Edge databases are converging toward a unified model: serverless scaling, edge replication, HTTP-based protocols, and compatibility with all major edge runtimes. Turso is expanding its SQL feature set. Neon is adding more edge locations. PlanetScale is improving its edge driver.

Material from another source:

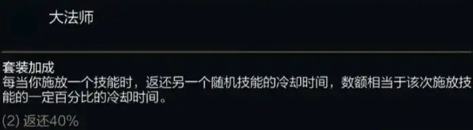 套装加成:每次你施放一个技能时,会以该技能冷却时间的百分比返还另一个随机技能

The next frontier is edge-native features: vector search for AI applications, full-text search for content platforms, and real-time subscriptions for collaborative applications. These features are already available in traditional databases but are being adapted for the edge's unique constraints.

Conclusion

Edge databases are the missing piece in the edge computing puzzle. Without edge data, edge functions are limited to caching and routing. With Turso, Neon, or PlanetScale, edge functions can query data with single-digit millisecond latency from anywhere in the world.

Key takeaways:

  1. Turso is ideal for simple schemas and SQLite-compatible workloads with global reads
  2. Neon excels for complex PostgreSQL schemas with branching workflows
  3. PlanetScale is best for high-write workloads needing horizontal sharding
  4. All three offer HTTP-based edge drivers compatible with edge runtimes
  5. Implement multi-layer caching: edge KV → edge database → origin
  6. Monitor replication lag and implement retry logic for edge database access

Choose based on your team's existing expertise (SQLite → Turso, PostgreSQL → Neon, MySQL → PlanetScale), your data model complexity, and your scaling requirements. The edge database landscape is evolving rapidly, and all three are production-ready for the right use case.